Bangers and mashed forget tomato relish(bangers are Irish Sausage)
Corned Beef
P L E N T Y O F B E E R:beer:


----------



## tigerwoman (Jul 18, 2002)

OK lighten up the heavy food by doing lots of hors d'oeuvres

Irish Sausages aka bangers are sage sausages kinda like the breakfast sausage taste - you can actually buy irish sausages in bulk at Restaurant Depot - or at least at our one here in NYC

bangers and mash served on a silver spoon is a funny takeoff
pipe mashed potato onto a spoon and top with slice of sauteed banger

or opposite banger topped with star of mashed potato

mini loaded baked potato - scoop out a red potato and serve with coleslaw - very anglo way of eating mashed potato

guiness beef and ale "wonton" or eggroll (a bit of irish fusion)

cornbeef wrapped around a thick pretzel stick for an irish cigar.

smoked salmon with dill cream cheese in mini biscuit


mini red potatoes stuffed with corn beef hash

reuben roll with cornbeef, cabbage, cheese rolled into wonton wrapper and use thousand island dressing for the dip

chilled potato leek soup sip

fish and chips served in mini cones

or wrap fingers fish with strings of potato and fry - served with malt vinegar shaker and a guiness shandy (7 up mixed with guiness)

mini meatloaf slider with mushroom & guiness gravy

mini shepards pie or decontructed sheppards pie short plate

pasties ( meat pies )

boxty - an irish potato cake - topped with smoked salmon
or boxty filled with chicken and pepper jack cheese/red pepper aioli garnish

savoury shortbread with slice of irish cheddar & chutney

irish lamb stew shortplate 

Limerick Ham Samies on with Strong Mustard or Marmalade on Savory 
Scones

baked beans on toast (authentic but yucky)

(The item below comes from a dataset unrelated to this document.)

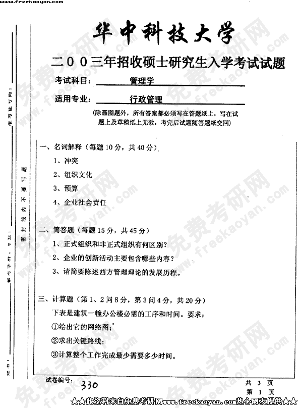 华中科技大学2003年半岛在线注册真题-汉语言及写作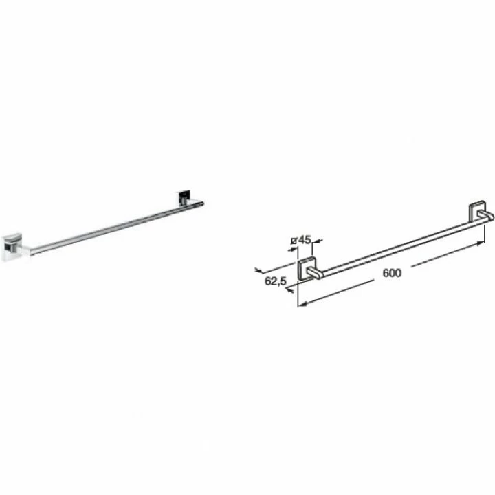 Suportul pentru prosop face parte din gama Roca, colectia Cubica cu montaj pe perete, fabricat din metal cu suprafata de culoare crom si are dimensiunile de 600 mm.

mini ploughmans platter - a short plate of bites of great irish cheeses - check out cashel blue cheese & irish farmhouse cheddar for example
a rosemary brown sugar shortbread would be great with this

Boxty Dumplings sauteed in Butter and finished with a choice of Smoked Salmon and Dill Cream or Cashel Blue Cheese Sauce (think irish perogie)

sauteed mushrooms & garlic on crostini

oysters on the half shell raw 
(seafood is big)

trout pate piped into cherry tomato or on endive spear or on crostini




Mussels on the half shell with Fennel-Leek Cream Reduction

irish soda bread with caramelized onion & caraway marmalade

roasted parsnip, apple & cabbage soup sip

fried bread fingers served topped with a quails egg to resemble toad in the hole


----------



## lentil (Sep 8, 2003)

Wow! That list gives me something to think about!!! Thanks!


----------



## shroomgirl (Aug 11, 2000)

super list Tigerwoman.....


----------



## bughut (Aug 18, 2007)

Well,
smoked salmon is a must have, I'd say. served with wholemeal soda bread or oatcakes.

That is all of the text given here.